Found on the Net: some ways to know you’re getting older:

1. Everything hurts and what doesn’t hurt doesn’t work.
2. The gleam in your eyes is from the sun hitting your bi-focals.
3. You feel like the morning after and you haven’t been anywhere.
4. Your little black book contains only names that end in M.D.
5. Your children begin to look middle aged.
6. You finally reach the top of the ladder and find it leaning against the wrong wall.
7. Your mind makes contracts your body can’t meet.
8. You look forward to a dull evening.
9. Your favorite part of the newspaper is “20 Years Ago Today”.
10. You turn out the lights for economic rather than romantic reasons.
11. You sit in a rocking chair and can’t get it going.
12. Your knees buckle, and your belt won’t.
14. You’re 17 around the neck, 42 around the waist, and 95 around the golf course.
15. Your back goes out more than you do.
17. Your Pacemaker makes the garage door go up when you see a pretty girl.
18. The little old gray haired lady you helped across the street is your wife.
19. You sink your teeth into a steak, and they stay there.
20. You have too much room in the house and not enough in the medicine cabinet.
21. You get your exercise acting as a pallbearer for your friends who exercise.
22. You know all the answers, but nobody asks you the questions.

“You can’t help getting older, but you don’t have to get old. ”

George Burns

“Age is not a particularly interesting subject.

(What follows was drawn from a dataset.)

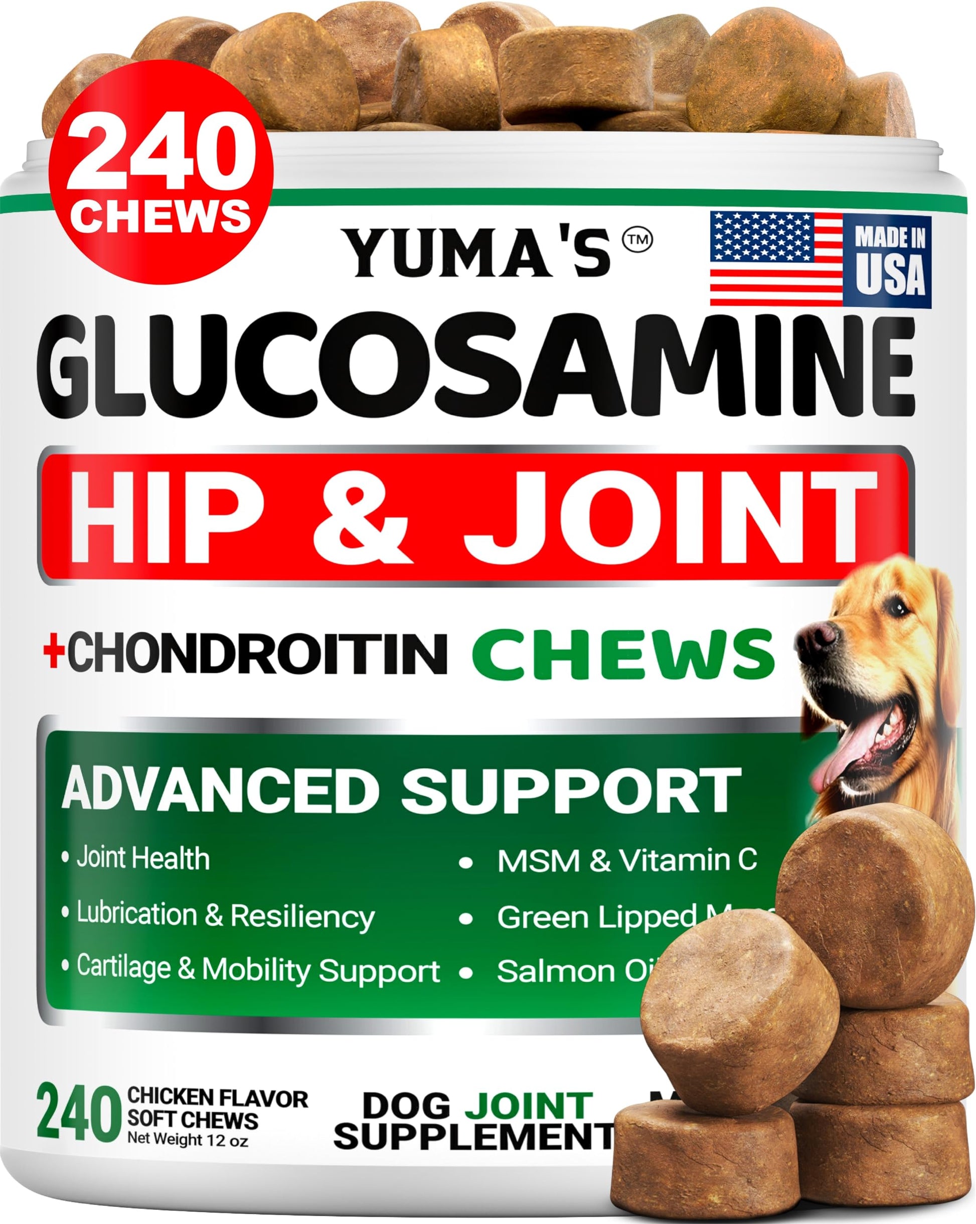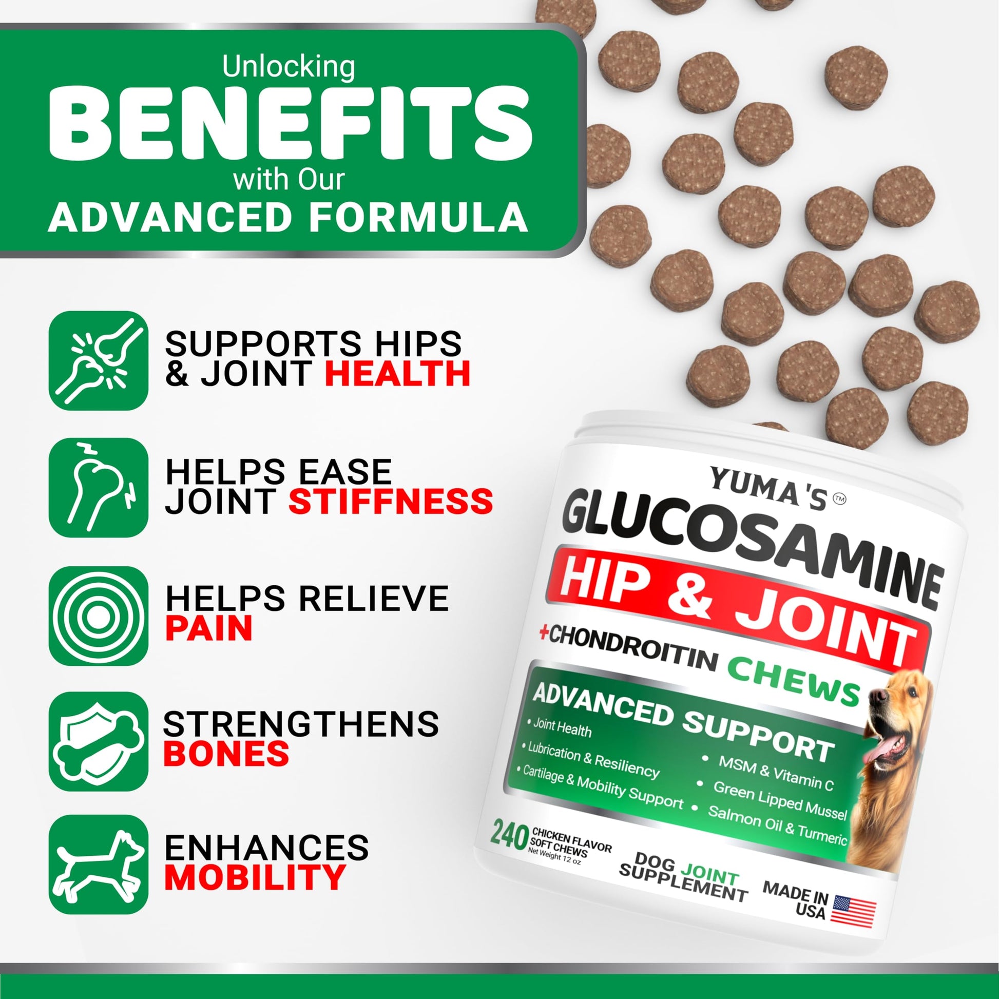 Glucosamine for Dogs - 240 Chews - Hip and Joint Supplement for Dogs - Advanced Glucosamine Chondroitin Treats with MSM - Joint Pain Relief - Large & Small Breed - Mobility Support - Made in USA

Anyone can get old. All you have to do is live long enough.”

Groucho Marx

(Though my particular favorite is, “It isn’t necessary to have relatives in Kansas City in order to be unhappy.”)

“Just remember, once you’re over the hill you begin to pick up speed.”

Charles Shultz

Crimson flames tied through my ears
Rollin’ high and mighty traps
Pounced with fire on flaming roads
Using ideas as my maps
“We’ll meet on edges, soon,” said I
Proud ‘neath heated brow.
Ah, but I was so much older then,
I’m younger than that now.

Half-wracked prejudice leaped forth
“Rip down all hate,” I screamed
Lies that life is black and white
Spoke from my skull. I dreamed
Romantic facts of musketeers
Foundationed deep, somehow.
Ah, but I was so much older then,
I’m younger than that now.

Girls’ faces formed the forward path
From phony jealousy
To memorizing politics
Of ancient history
Flung down by corpse evangelists
Unthought of, though, somehow.
Ah, but I was so much older then,
I’m younger than that now.

A self-ordained professor’s tongue
Too serious to fool
Spouted out that liberty
Is just equality in school
“Equality,” I spoke the word
As if a wedding vow.
Ah, but I was so much older then,
I’m younger than that now.

In a soldier’s stance, I aimed my hand
At the mongrel dogs who teach
Fearing not that I’d become my enemy
In the instant that I preach
My pathway led by confusion boats
Mutiny from stern to bow.
Ah, but I was so much older then,
I’m younger than that now.

Yes, my guard stood hard when abstract threats
Too noble to neglect
Deceived me into thinking
I had something to protect
Good and bad, I define these terms
Quite clear, no doubt, somehow.
Ah, but I was so much older then,
I’m younger than that now.

My Back Pages by Bob Dylan

“Life is like riding a bicycle. To keep your balance you must keep moving.”

Albert Einstein

“Everyone here who is damn glad you’re no longer 18–madly wave your hand!”

Shelley Powers

Happy Birthday, my friend.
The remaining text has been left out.